Ned is important not because of his life (indeed it seems likely that he was not real—or, at best, he was just barely real) but because he was mythicized into a larger-than-life figure around whom the Luddite movement coalesced. This diffuse social rebellion had some roots in the austere and straightened times of the Napoleonic war but it was mostly a direct response to the first sweeping changes wrought by the Industrial revolution. Skilled weavers and textile artisans were aggrieved that machines operated by unskilled workpeople could easily produce much more fabric than trained artisans using traditional methods. The unskilled workpeople were angry at being underpaid and mistreated in the harsh dangerous early factories. This anger was combined with widespread popular discontent about the privations of war and the rapacity of the elite. Free companies of rebels met and drilled at night in Sherwood Forest or on vacant moorland. Anonymous malefactors smashed the new machines. Mills burnt down and factory owners were threatened. It was whispered that it was all the work of “King Ludd” whose rough signatures appeared on broadsheets and threatening letters.

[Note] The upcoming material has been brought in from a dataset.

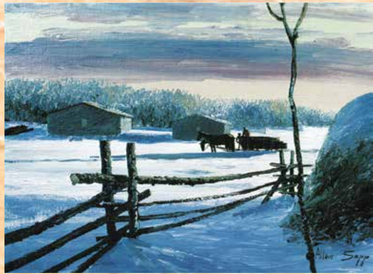
Load of Wood Ready to Go

The first wave of Luddite Rebellion broke out in 1811 centered in Nottingham and the surrounding areas. It is interesting that the same region which came up with Robin Hood, the hero-thief of folklore, also was responsible for remaking Ned Ludd from a lumpen outsider into a bellicose king of anti-technology. Disgruntled (male) artisans marched in women’s clothes and called themselves “Ned Ludd’s wives”. Circulars were addressed from the “king’s” office deep in Sherwood forest.
The original teasing tone quickly vanished as Luddite uprisings broke out across Northern England in the subsequent months and years until British regulars were sent in to quash them. For a brief period, there were more redcoats putting down Luddite insurrections in England than there were fighting Napoleon on the Iberian Peninsula. Professional soldiers made short work of the rebels and Parliament hastily enacted a series of laws which made “machine-breaking” a capital crime. A number of Luddites were executed and others were transported to Australia.
Ned Ludd escaped these reprisals by being from a different era (and fictional). “Luddite” has now become a preferred label for all people who eschew technology. The half-wit King Ned still lives on in the imagination of people who have lost their jobs to the march of progress and in the nightmares of technophiles and economists. Indeed one of the great constructs/truisms of economics is the Luddite fallacy—which holds that labor saving devices increase unemployment. Neoclassical economists (who named the concept) assert that it is a fallacy because labor saving devices decrease the cost of goods—allowing more consumers to obtain them. However there are some who believe this has only been the case so far because the machines have not become sophisticated enough. Once a certain threshold of technology is passed thinking machines might replace many skilled positions as well as unskilled ones. This simultaneously awesome and horrifying concept will be our theme tomorrow.